Configuration Best Practices

Idle Timeout Selection

Choose timeout based on usage patterns: Short Timeout (60-120 seconds):
  • High memory constraints
  • Predictable usage patterns
  • Acceptable respawn delay
  • Many infrequently used servers
Medium Timeout (180-300 seconds) (Default):
  • Balanced memory vs experience
  • Mixed usage patterns
  • Occasional bursty activity
  • Recommended for most deployments
Long Timeout (600+ seconds):
  • Ample memory available
  • Continuous or frequent usage
  • Minimal respawn tolerance
  • Mission-critical low latency

Grace Period Tuning

Adjust grace period based on environment: Shorter Grace Period (30-45 seconds):
  • Fast network connections
  • Simple MCP servers (quick handshake)
  • Aggressive memory optimization
Standard Grace Period (60 seconds) (Default):
  • Recommended for production
  • Accounts for npx package downloads
  • Handles slow network conditions
  • Prevents initialization race conditions
Longer Grace Period (90-120 seconds):
  • Slow network environments
  • Complex MCP servers (large dependencies)
  • Extra safety margin
Monitoring Recommendation: Track mcp.server.dormant and mcp.server.respawned events to tune idle timeout. If processes frequently dormant but respawn shortly after, increase timeout.

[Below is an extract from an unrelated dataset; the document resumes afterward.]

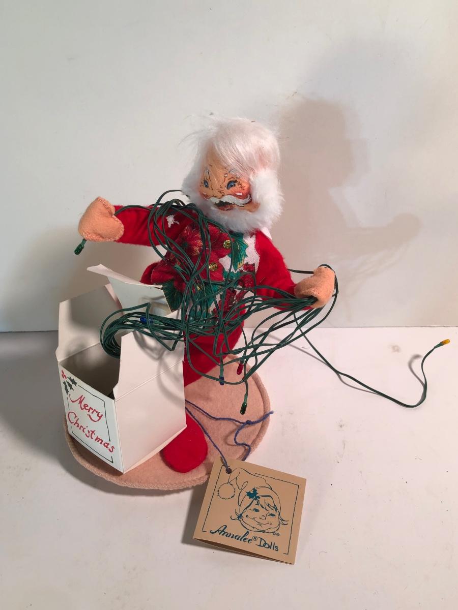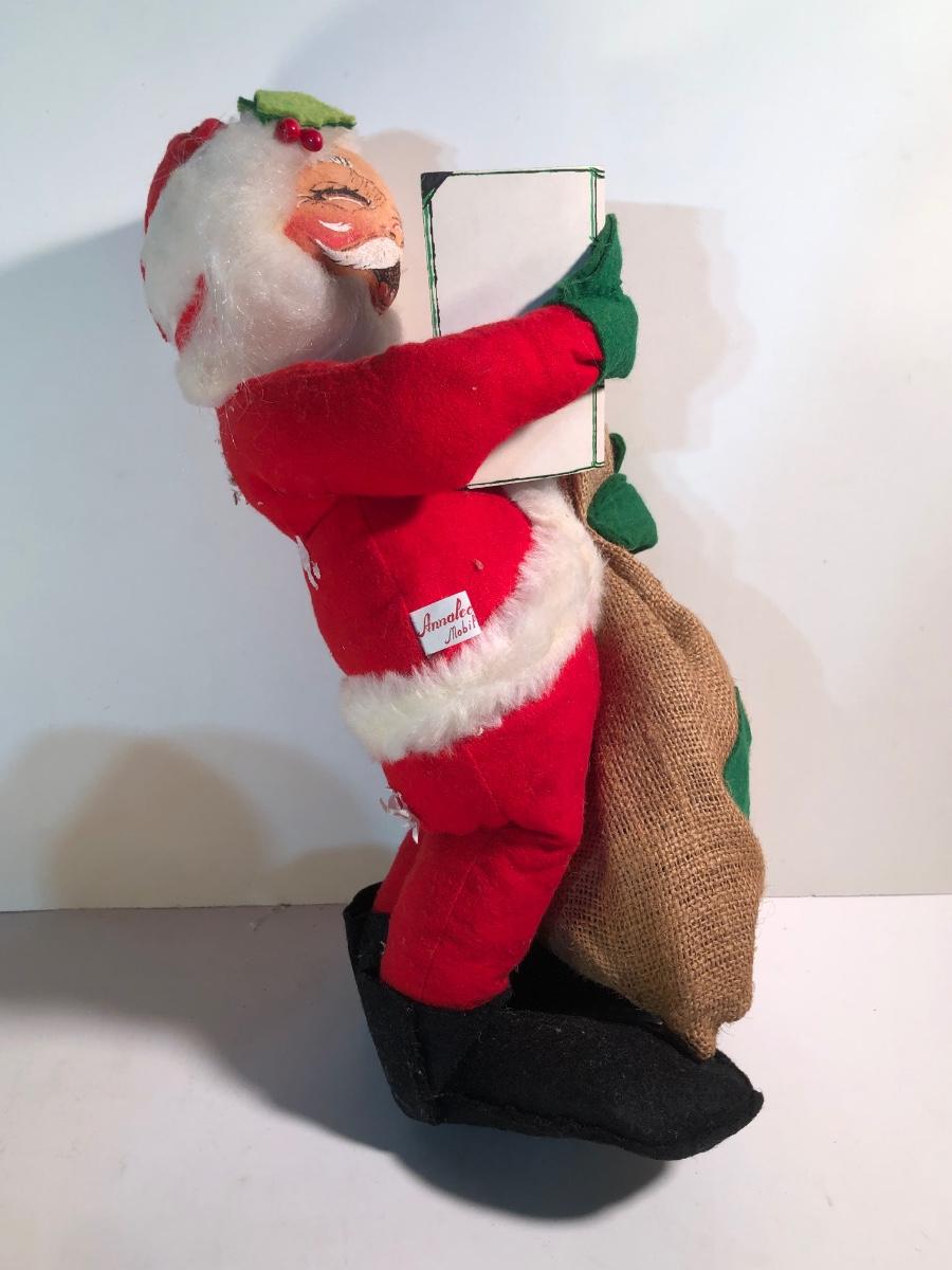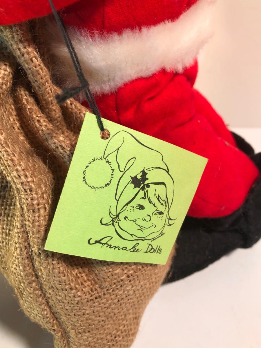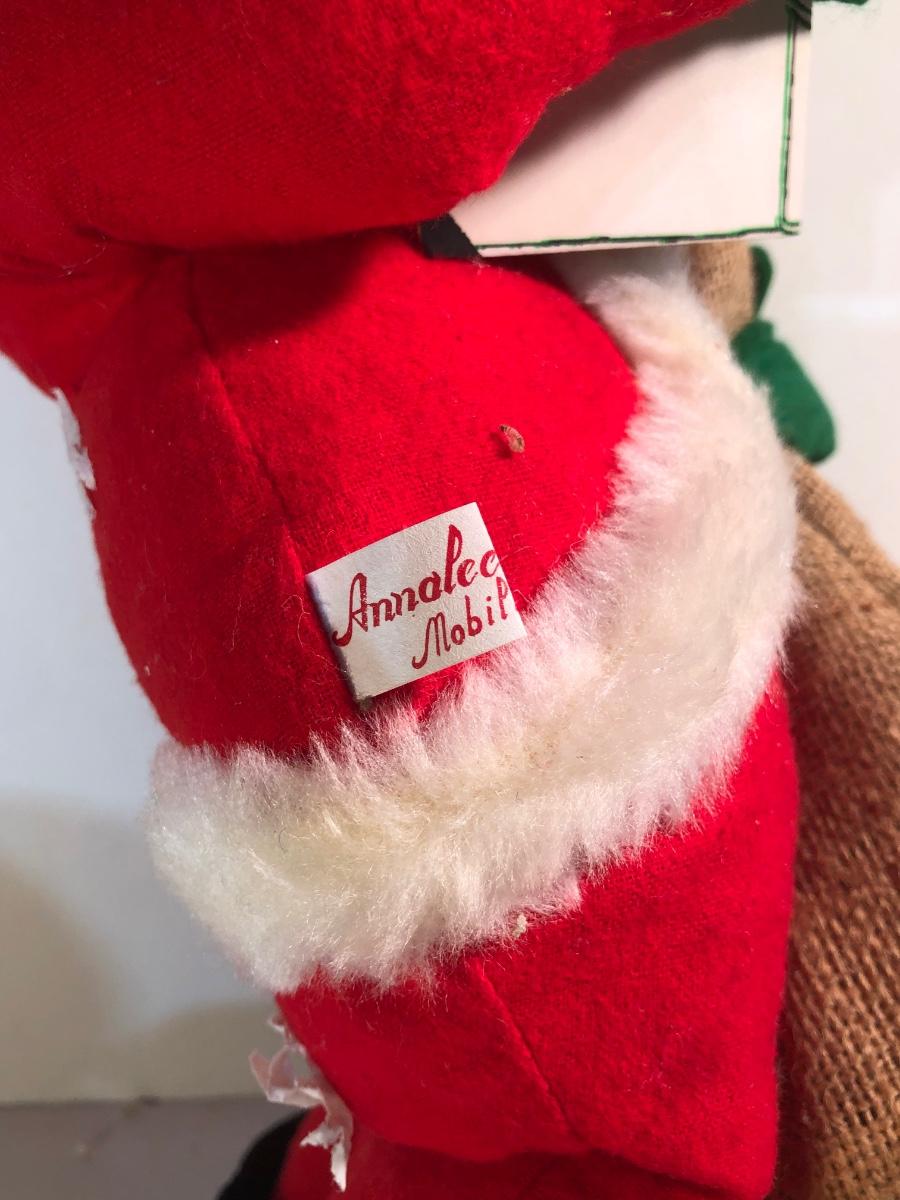 LOT 279B: Vintage Annalee Christmas Dolls - 1964 Santa w/ List & Toy Sack, Child on Sled, Reindeer, Snowman w/ Pipe, 1994 Santa w/ Lights

If processes stay dormant for long periods, timeout is well-tuned.

Monitoring & Observability

Event-Based Monitoring

Track idle process management through Backend events: Key Metrics:
  • mcp.server.dormant: Count of processes entering dormant state
  • mcp.server.respawned: Count of successful respawns
  • idle_duration_seconds: Time process was inactive before termination
  • dormant_duration_seconds: Time process spent dormant before respawn

Log Analysis

Important log operations to monitor: Idle Detection:
[DEBUG] Skipping process in grace period: server-name (age: 25s)
[DEBUG] Skipping process with active requests: server-name
[INFO] Idle check: terminated 2 idle process(es)
Dormant Marking:
[INFO] Marking process as dormant due to inactivity: server-name
[INFO] Process marked as dormant and terminated: server-name
Respawning:
[INFO] Respawning dormant process: server-name
[INFO] Dormant process respawned successfully: server-name

Heartbeat Data

Satellite heartbeat includes dormant process information: Reported Metrics:
  • Total active process count
  • Total dormant process count
  • Processes by status (running, starting, terminating, failed)

Error Handling

Respawn Failures

If respawn fails, standard error handling applies: Failure Scenarios:
  • Process spawn error
  • Handshake timeout
  • Invalid configuration
Error Flow:
  1. Respawn attempt logs error
  2. Dormant config remains in map
  3. Next request triggers another respawn attempt
  4. Auto-restart logic applies (3 attempts max)

Termination Failures

Idle termination handles edge cases: Process Not Found:
  • Logs warning (non-critical)
  • Process already terminated externally
  • Cleanup continues normally
Graceful Shutdown Timeout:
  • SIGTERM sent first (10-second wait)
  • SIGKILL sent if timeout exceeded
  • Force termination ensures cleanup

Development Testing

Manual Idle Testing

Test idle process management locally: Force Idle Termination:
# Set short idle timeout for testing
export MCP_PROCESS_IDLE_TIMEOUT_SECONDS=30

# Start satellite
npm run dev

# Spawn process via Backend command
# Wait 30 seconds without activity
# Process should terminate and become dormant
Test Respawning:
# After process is dormant, make MCP request
curl -X POST http://localhost:3001/mcp \
  -H "Content-Type: application/json" \
  -d '{"jsonrpc":"2.0","id":"1","method":"tools/list","params":{}}'

# Process should respawn automatically
# Check logs for respawn confirmation

Grace Period Testing

Verify grace period protection:
# Set very short idle timeout and standard grace period
export MCP_PROCESS_IDLE_TIMEOUT_SECONDS=10
export MCP_PROCESS_SPAWN_GRACE_PERIOD_SECONDS=60

# Spawn process
# Process should NOT be terminated within first 60 seconds
# Even if idle timeout is only 10 seconds

Production Considerations

Memory Planning

Calculate expected memory usage: Formula:
Total Memory = (Active Processes × 15MB) + (Dormant Processes × 2KB)
Example:
  • 200 total MCP servers
  • 20 actively used (20 × 15MB = 300MB)
  • 180 dormant (180 × 2KB = 360KB)
  • Total: ~300MB vs ~3GB without idle management

Monitoring Alerts

Configure alerts for idle process health: Alert Conditions:
  • High respawn rate (>10 per minute): Timeout too aggressive
  • High dormant count (>80% of total): Consider longer timeout
  • Respawn failures: Configuration or resource issues
  • Grace period violations: System overload or timing bugs

Resource Limits

Coordinate with nsjail resource limits: Production Limits:
  • Per-process memory: 50MB (nsjail limit)
  • System memory: Plan for peak active processes
  • Dormant processes: Negligible memory impact
I